Джестер машинально пощупал свои ребра.
– Какой же я пышный?
– Я не сказал пышный… Я сказал напыщенный. А раз у вас такой вонючий, убогий запас слов, так запомните, что это значит – болван!.. болван!.. болван!..
Джестер поднял руку, словно заслоняясь от удара, и попятился к двери.
– Да ну тебя! – закричал он и выбежал вон.
Он бежал всю дорогу до дома Ребы и, добежав, громко и зло постучал в дверь.
Внутри этот дом был совсем не таким, как он ожидал. Это был самый обыкновенный дом. Бандерша спросила его:
– Сколько тебе лет, мальчик?
И Джестер, не умевший лгать, с отчаяния сказал:
– Двадцать один.
– Что бы вы хотели выпить?
– Огромное спасибо, но я совсем ничего не хочу пить. Решил сегодня воздержаться.
Все оказалось так просто, что он и не дрогнул, когда бандерша провела его наверх, не дрогнул он и когда очутился в постели с женщиной, у которой были оранжевые волосы и много золота в зубах. Он зажмурил глаза и, мысленно представив себе темное лицо и голубые, искрящиеся глаза, сумел стать мужчиной.

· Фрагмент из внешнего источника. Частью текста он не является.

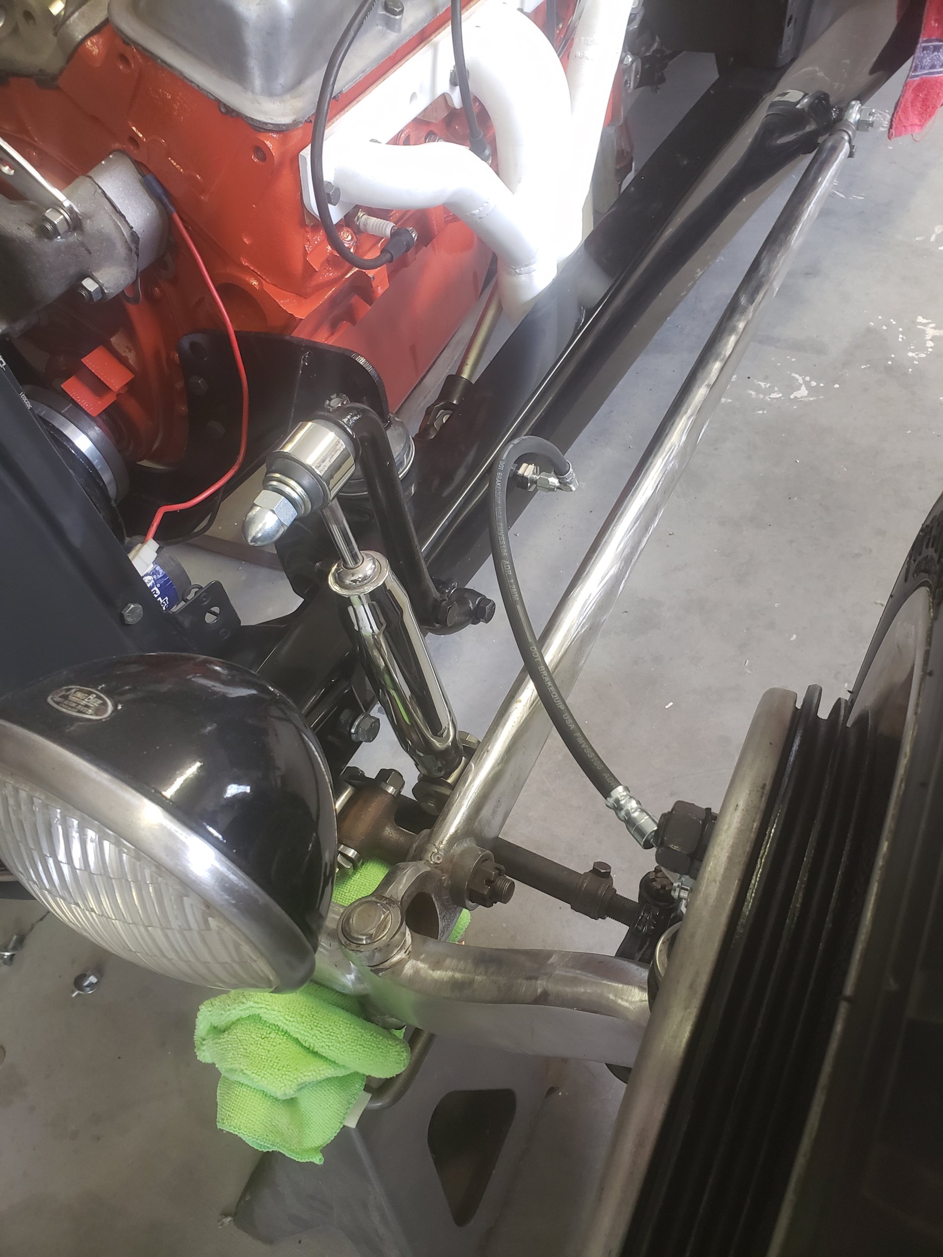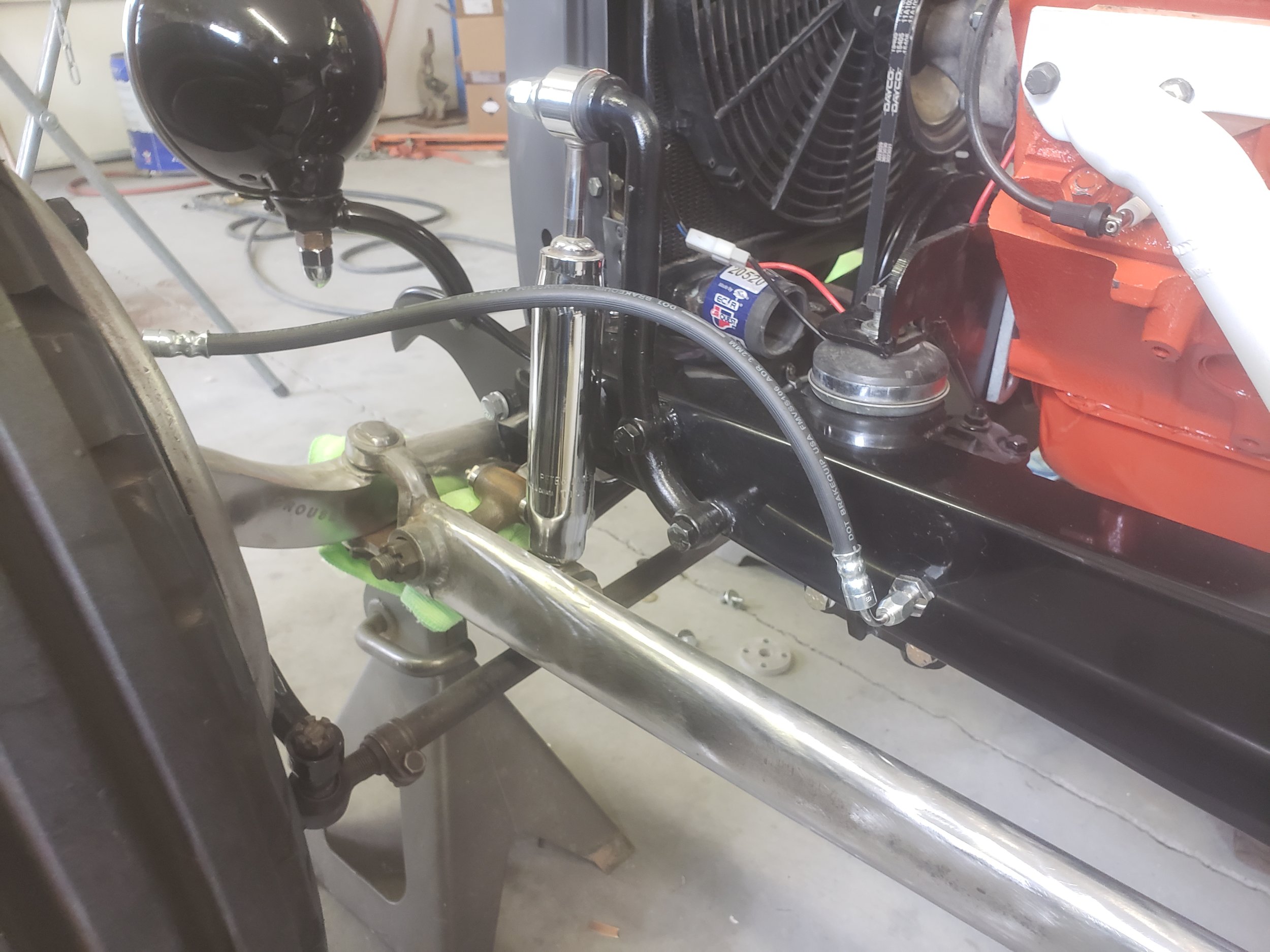 Every car has a story. For me, every part on this car has a story. Some I will share and some I won't. However, the motor has an interesting story. I was having issues getting parts for my original motor, so Dad says, "take this motor and freshen it up till you get your parts. It will require good gas because it has a lot of compression. " He informed me that he bought this motor brand new in 1969 and put it in his 1960 corvette. I ran the numbers on the engine and it is a factory DZ 302. I am running the Duntov 30/30 cam, Edelbrock C4B and Holley carb that he ran. I added the mag and Packard 440 wire, but it is all about the same. Can't wait to here this run. Finally got the brake hoses made the way I wanted them.
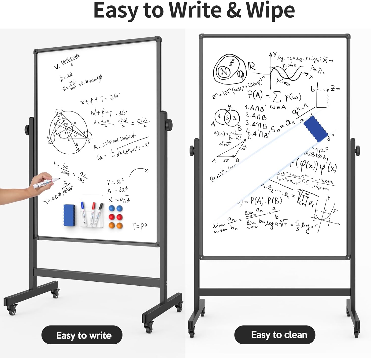 - Spacious Writing Surface with Complete Accessories: Maximize your writing space with our double-sided 48x32-inch whiteboard, offering double the surface area with a quick flip. Includes 3 markers, 6 clasps, 1 eraser board, and a pen holder—everything you need to get started.
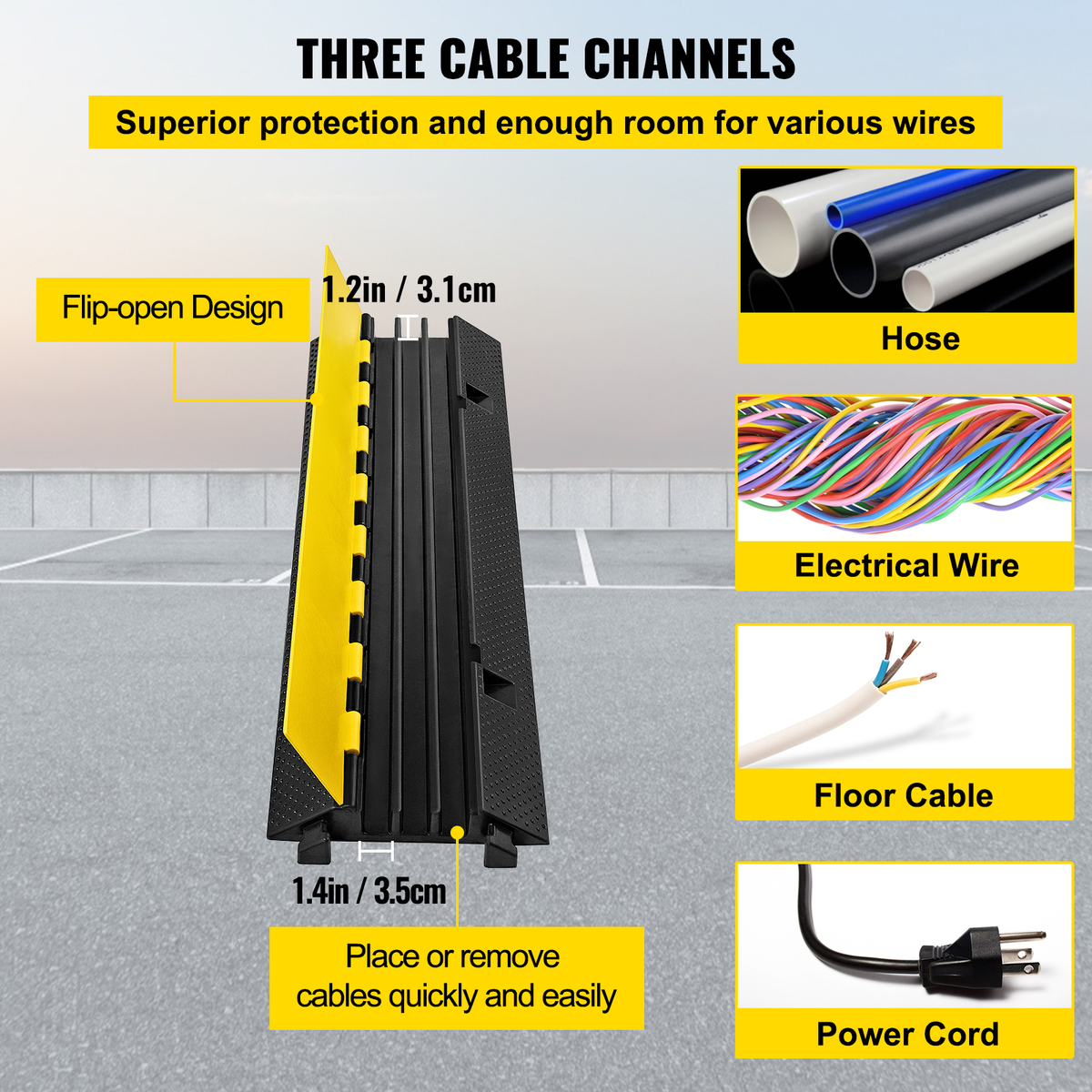 - VEVOR 3 Channel Rubber Cable Protector Ramp, 1.2x1.2 in, Wire Cord Cover Ramp
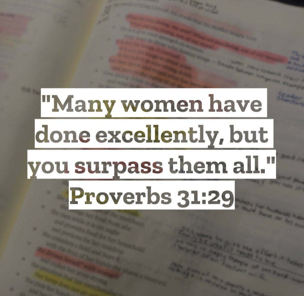 “Many women have done excellently, but you surpass them all.” Proverbs 31:29 – In chapter 31 we have a mother speaking into the life of her son seeking to help him think with his head, and not his flesh, when it came to the women in his life. She told him to pursue the excellent, virtuous women for his wife, and this proverb outlines much of what her character would be. Trustworthy, willing to work hard, smart, and wise. Able to take on the challenges that come, a blessing to her family, kind, and holy. She ultimately would be one that feared the Lord. When he would make his pursuit to find such a lady, he would be so blessed to have her and he would say the verse above, “Honey, you are amazing, and you surpass everyone else!” For the ladies reading this, note that this is not a passage that seeks to diminish the value or important of women, but is seeking to do the opposite. It is telling men that a holy woman in their life would change their life for the better in ways they would never imagine reaching on their own. Having such a wife would bring them honor, blessing, and would fill their lives with good. So ladies, seek to be such a lady even if a spouse is not in your story right now. Bring such honor and blessing to the family of God and the family God has given you at this time. Men, make sure the sort of lady your eyes are seeking after are ladies such as this passage speaks of. When you find her, treasure her like the precious gemstone she is, for she will bring more value to you than all the wealth in the world. Let us all remember though to be the ideal woman or man, it isn’t about anything worldly, it’s about fearing the Lord and following Him. I love you, but Jesus loves you more – Mac – Daily DEVO 2939
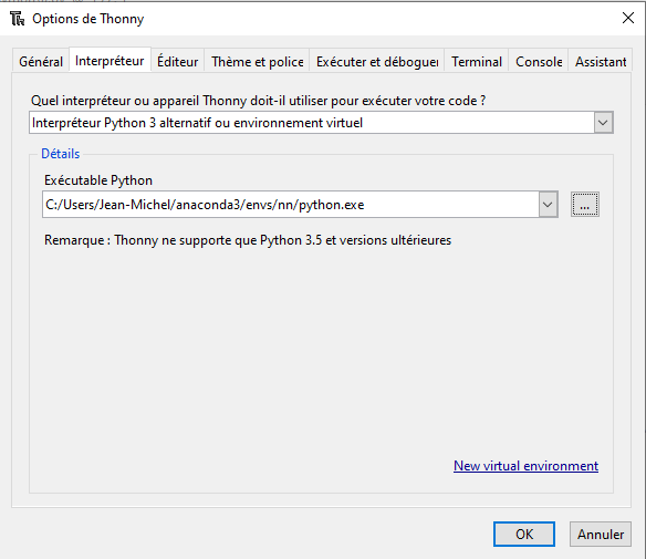 Enfin, pour pouvoir utiliser cet environnement avec Thonny, il faut modifier l'interpréteur comme sur l'image suivante (remplacez 'Jean-Michel' par votre nom utilisateur) :
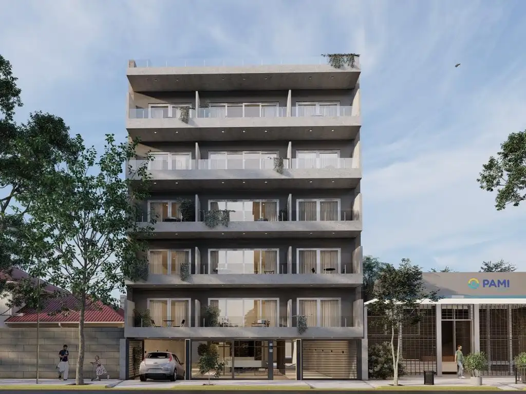 La terminaciones del edificio incluyen frente de Tarquini/Quimtex, balcones con paneles acristalados, porton automatico para cochera, ascensores con cabinas de acero y espejo.
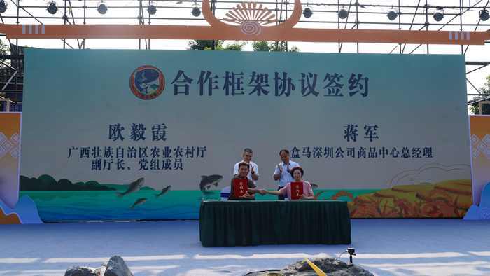 10月18日,广西稻渔与大水面生态渔业交流会暨“广西库库魚”区域公用品牌发布活动利用实时连线与深圳分会场同步联动、实时推介。发布会上,广西自治区农业农村厅与盒马深圳公司签订了农产品合作框架协议,广西大水面养殖企业与京东及各地采购商签订了采购销售协议,推动“广西库库魚”走向全国市场。
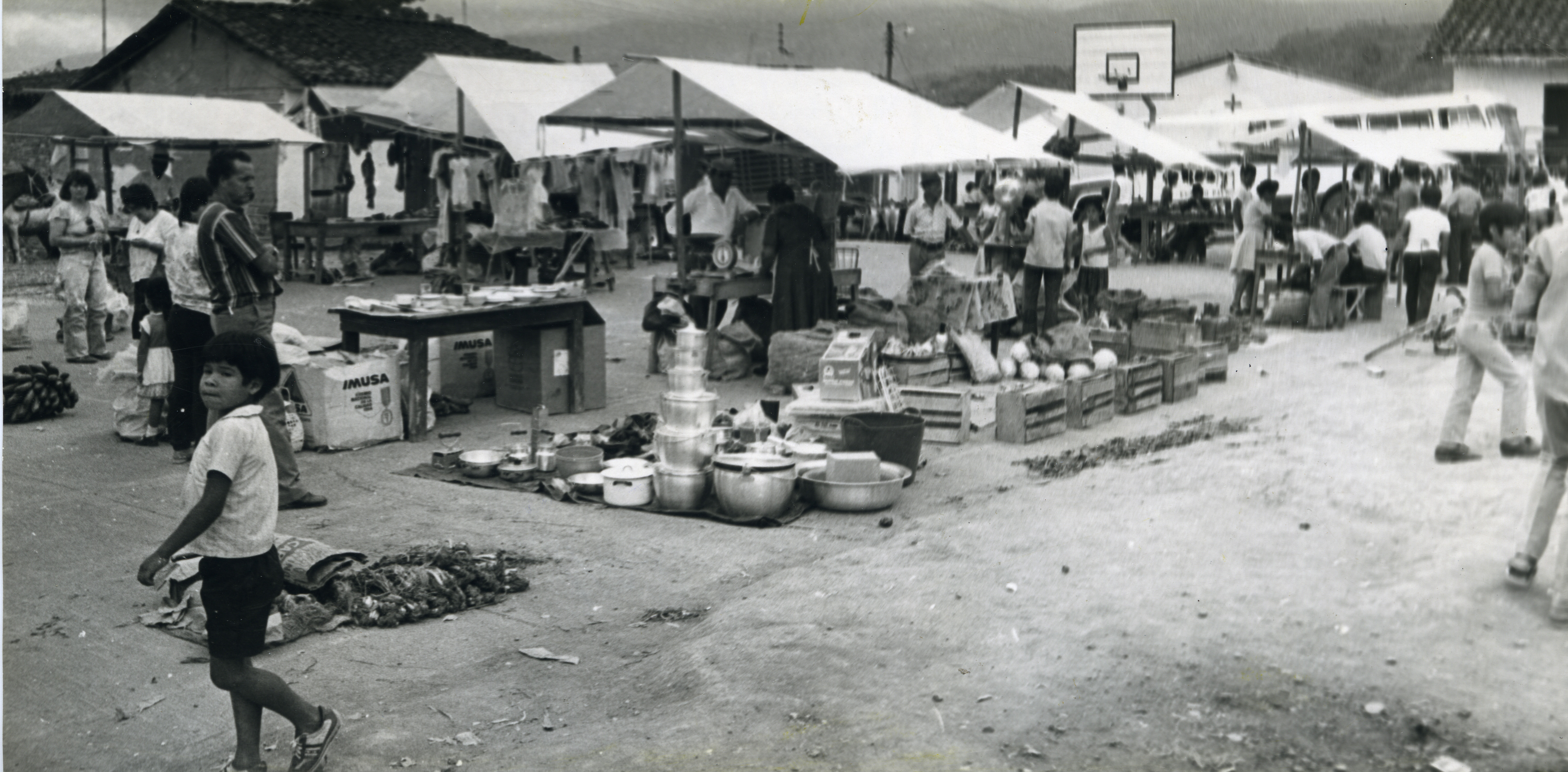 Al reverso de la fotografía dice: Piden galerías. Villacolombia. Los moradores de esta región, vienen pidiendo desde hace algún tiempo, la pronta construcción de la galería, ya que allí convergen campesinos de diferentes veredas que llegan con el fin de vender sus productos. La gráfica muestra cómo la plaza central sirve de local para vender los productos del agro.
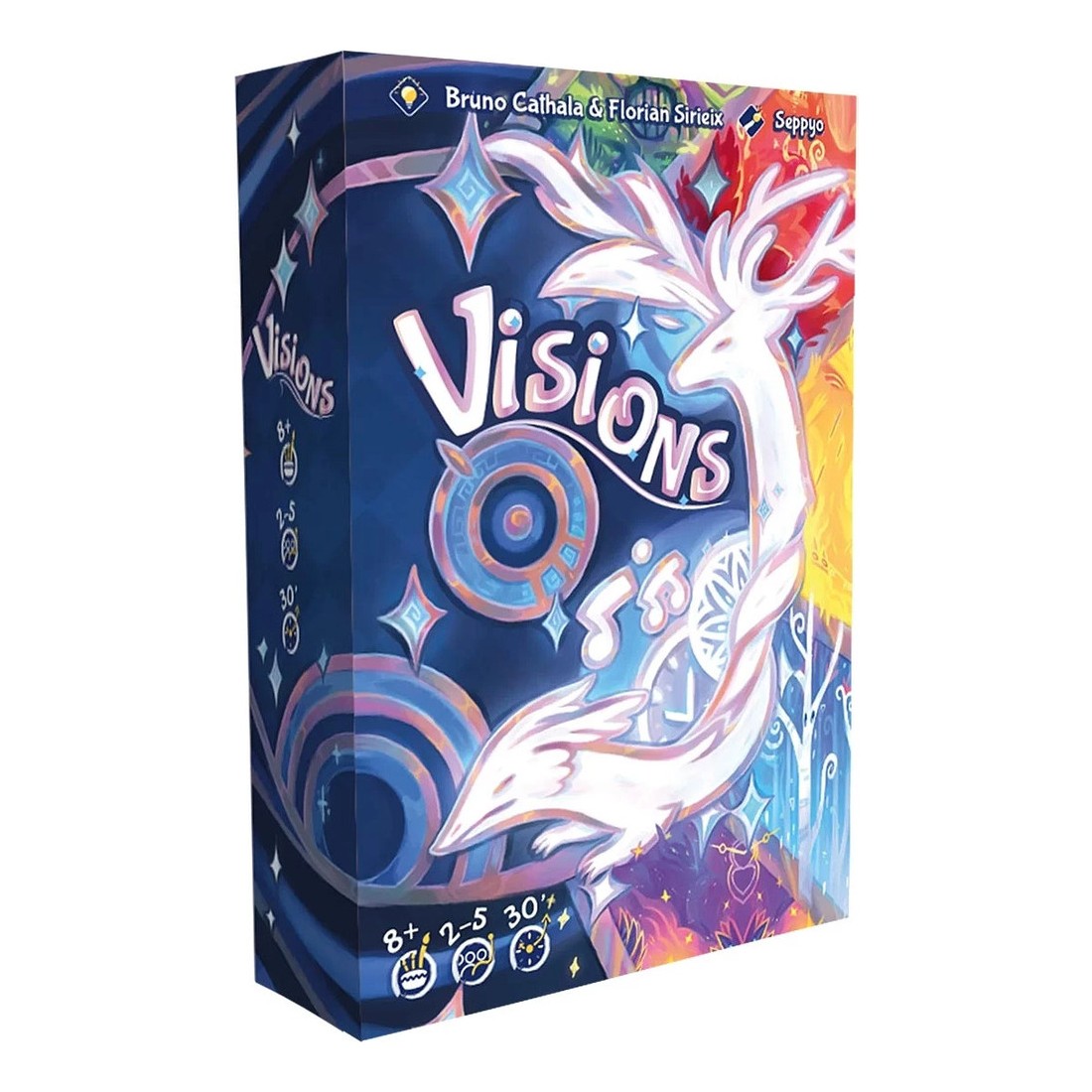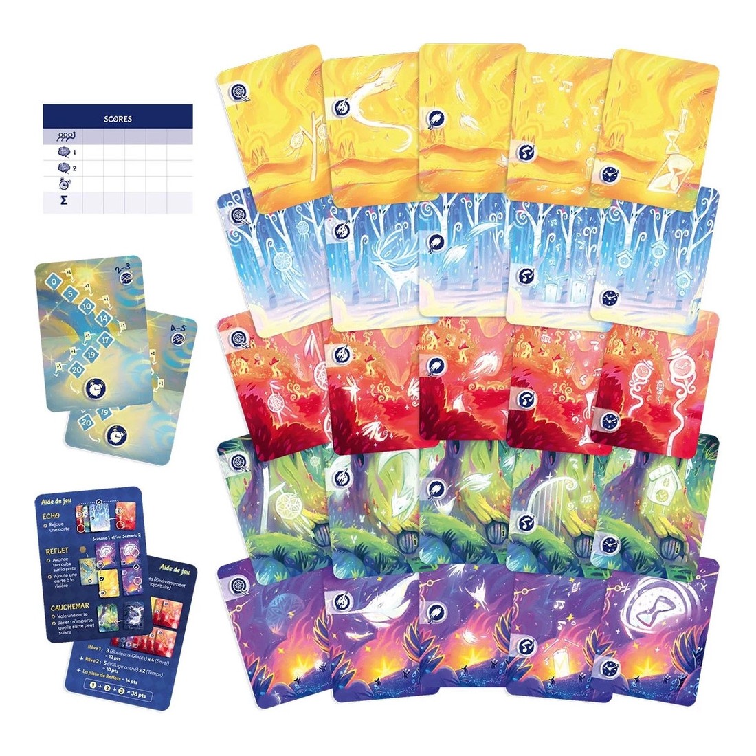 Dans le jeu Visions, chaque joueur plonge dans un univers peuplé de songes étranges, de paysages oniriques et de symboles mystérieux. Votre objectif est de composer des rêves aussi cohérents que possibles en combinant des cartes Songe, chacune associant une Catégorie (Temps, Envol, Musique, Créatures mythiques, Attrape-rêve) et un Environnement (désert ardent, bois enchanté, vallée galactique, village caché ou bouleaux glacés).

А в это время Шерман писал письмо, просто и прямо, черным по белому. Начиналось письмо: «Дорогая мадам Андерсон!..»
5
Несмотря на то, что судья лег спать позже обычного и ночь провел беспокойную, он проснулся, как всегда, в четыре часа утра. Он так шумно плескался в ванной, что разбудил внука, который тоже провел беспокойную ночь. Потом он вытерся насухо и неторопливо оделся, орудуя из-за своей немощи больше правой рукой. Шнурки завязать он не смог, поэтому они так и болтались. А потом, вымытый, одетый и подтянутый, на цыпочках проследовал в кухню. День обещал быть ясным; серый рассвет переходил в розовато-желтый восход солнца. И хотя в кухне было еще темно, света судья не зажигал – в этот час он всегда любовался небом. Фальшиво напевая под нос какую-то песенку, судья поставил варить кофе и стал готовить завтрак. Он выбрал в леднике два самых темных яйца, так как был уверен, что яйца с коричневой скорлупой питательнее белых. После долгой практики и ряда неудач он научился разбивать яйца и выливать их в кастрюльку с кипятком, не промахнувшись. Пока яйца варились, он намазал хлеб тонким слоем масла и сунул в духовку, потому что не любил поджаривать хлеб в тостере. Наконец он накрыл стол желтой скатертью и поставил голубую солонку и перечницу. И хотя завтракать ему предстояло в одиночестве, судья хотел, чтобы все выглядело празднично. Когда завтрак был готов, он здоровой рукой перенес все на стол. Кофе в это время уже весело булькал. Тогда он достал из холодильника майонез и посадил по аккуратной нашлепке на каждое яйцо. Майонез был приготовлен из растительного масла и содержал, слава богу, мало калорий. Судья раздобыл замечательную книгу «Диета без мучений» и без конца ее читал. Беда была в том, что от растительного масла его слабило, и поэтому им нельзя было злоупотреблять, чтобы не случилась беда, которая не к лицу судейскому чину… особенно если она случается в судейской комнате, как это уже бывало дважды. Блюдя свою репутацию, судья жестко ограничивал порцию вкуснейшего и малокалорийного майонеза.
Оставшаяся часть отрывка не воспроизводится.